The Duncans travel with other family members each year to participate in what has become an annual tradition of giving back to their community of Logwood Walk in Trelawny. Thelma, who lives in Toronto, would like to see other vacationers take up the challenge of helping their local communities when they return home.

JMC spoke to Thelma recently about her trip to Logwood Walk.

JMC: When did this community initiative start?

Thelma: For the past four years, Jamaicans abroad in both the U.S. and Canada, have been going back to our district and helping the residents with identified needs.  My family and I got involved two years ago.

JMC: What was the focus this year?

Thelma: This year we gave out backpacks with school supplies to children and they were very happy.  Parents were very appreciative as that is a great help to them – it was one less thing they had to worry about as some had to provide for other school needs and some had more than one child to provide for.

Not only did we give the children school supplies but this year I was able to use my skill as a nurse to run a blood pressure and blood sugar clinic.

JMC: How was this service received?

Thelma: It was well received as all the testing was done free of cost.  I found that there is a great need to educate people on the importance of taking their medication.  Many were diabetic and they’re not taking their meds and not realizing the great harm they do to themselves.

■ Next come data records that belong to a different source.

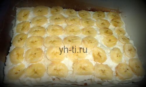 Теперь нужно придать нашему торту «изюминку». Ее станет банан и шоколадная стружка. Банан нужно порезать кружочками и выложить поверх торта, а затем посыпать сверху шоколадной стружкой. Как сделать стружку, думаю, вы догадываетесь.
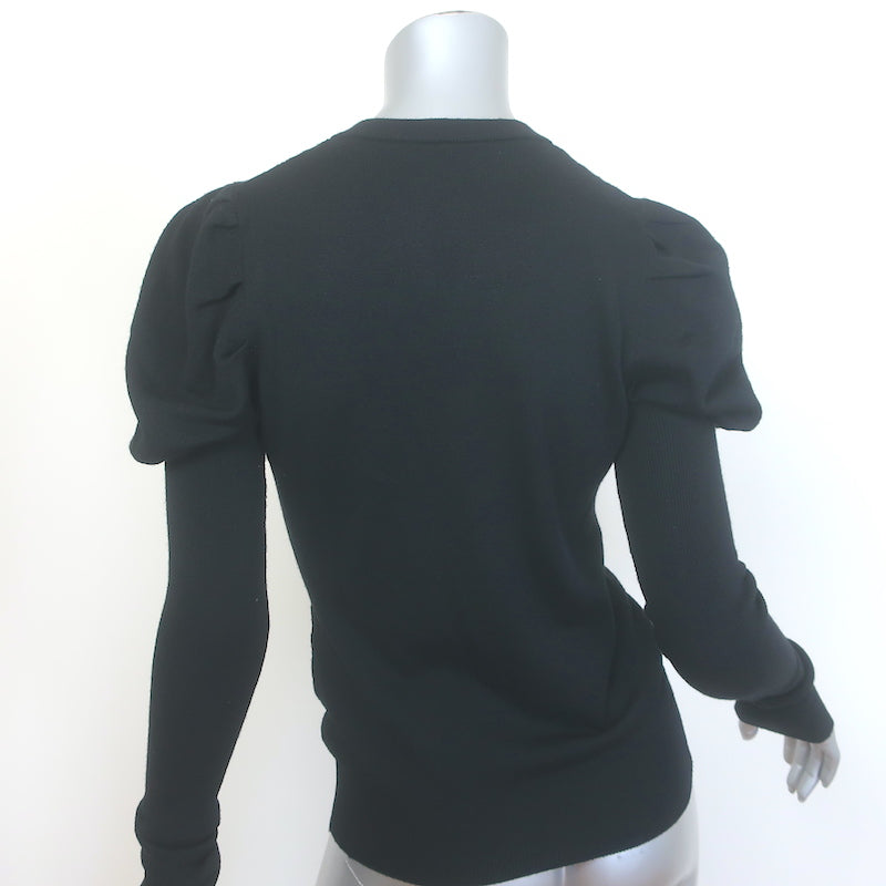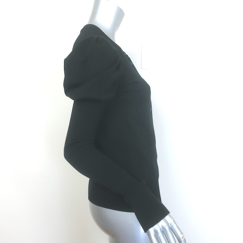 Dolce & Gabbana Floral-Embroidered Puff Sleeve Cardigan Black Wool Size 40
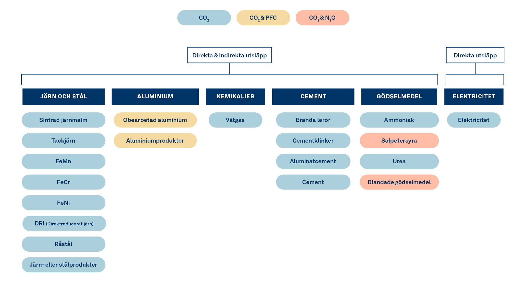 Denna uppdelning gäller under övergångsperioden och kan eventuellt komma att ändras till den definitiva fasen som börjar 2026. Informationen i bilden kommer från Tabell 1 bilaga II i CBAM-genomförandeförordningen:
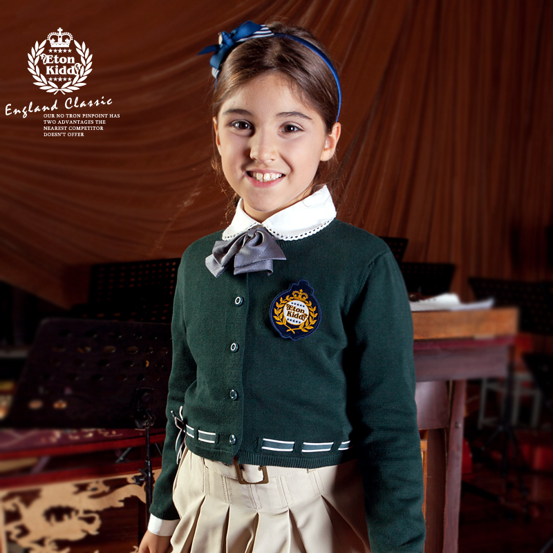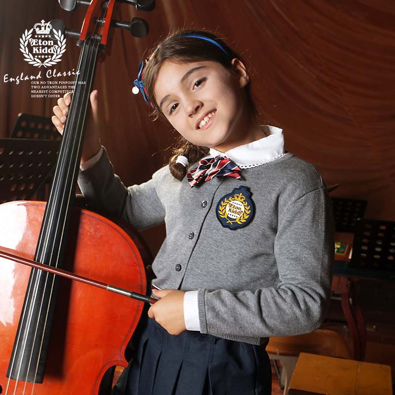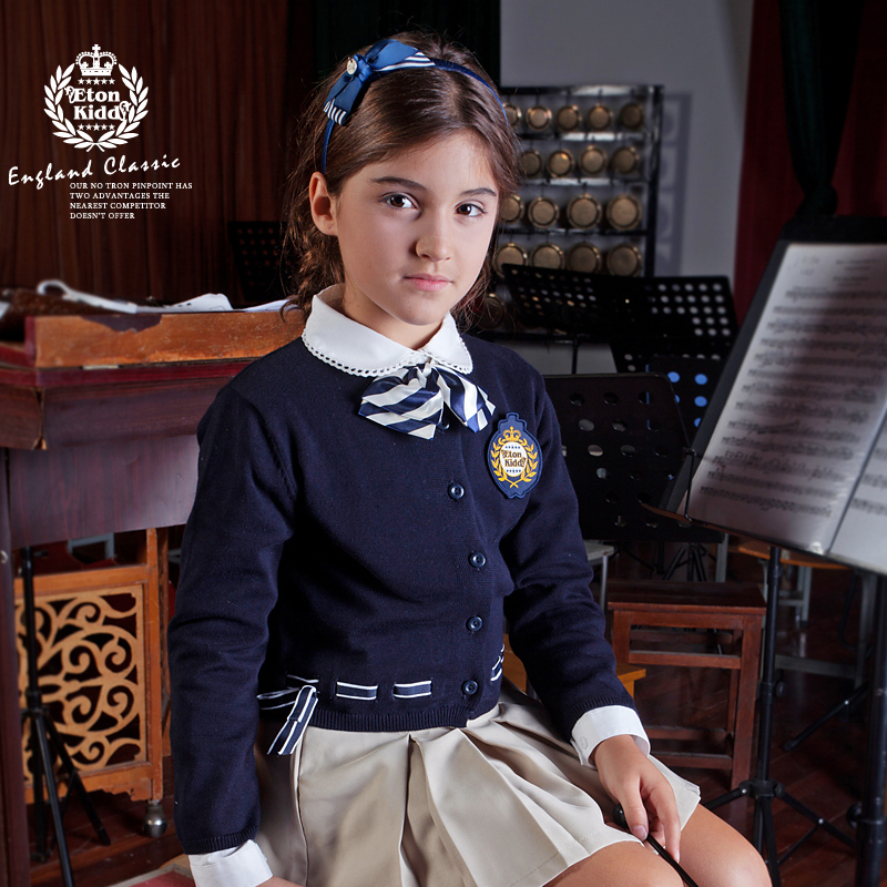 Eaton Gide school uniform primary and secondary school students girls navy blue light gray knitted cardigan jacket autumn thin bow ribbon
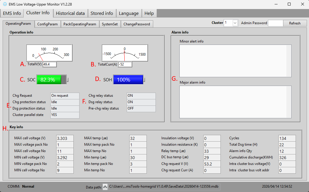 | H. | Remaining Capacity (Ah) | This will display the amount of capacity remaining in the battery stack. |

We also got some help from an organization called Not Just Tourists Toronto.  They gave medical supplies such as gloves, masks, syringes, splints for the arm, disposable booties and disposable gowns. All this was donated to Falmouth Hospital.

JMC: How do you fund this initiative?

Thelma: Every year my family and I come together and do a “pardner,” which is pooling resources together and doing a scheduled withdrawal for each participant. Whatever the pardner draw is, all the funds from my family’s contribution goes to the project.  This year the Canadians focused on providing the school supplies while the Americans were responsible for providing the food on the work day – this means feeding the workers and the community at large.

The local residents play their part by helping to coordinate this joint effort.  They secure the venue where the event is held and they are responsible for advertising.

JMC: Why do you do this?

Thelma: This a chance to give back to the community and people truly appreciate what we do as it brings the community together.   In a country where there is a strong political divide, on the work day we had a member from the opposition party on site, commending us on the work that we were doing and he also donated some funds to the cause. I feel very fulfilled when I do this.  I’ve been blessed and I in turn, can be a blessing to others.  All around us there is need and we can make a difference in the lives of those in need.

Thelma has managed to change the views of some who claim that their communities have done nothing for them and therefore have to give back.  She said, “Once you are able to help, you should help because there are others less fortunate than yourself.”

As you plan your trip to go to your homeland for Christmas, with the second semester of school coming up, exercise books, binder leaves, pens, pencils, crayons, art paper could go a long way for students in your host community.  Remember, Christmas is indeed, the time for giving.  To borrow the slogan of Not Just Tourists, “Take a Suitcase, Change a Life!”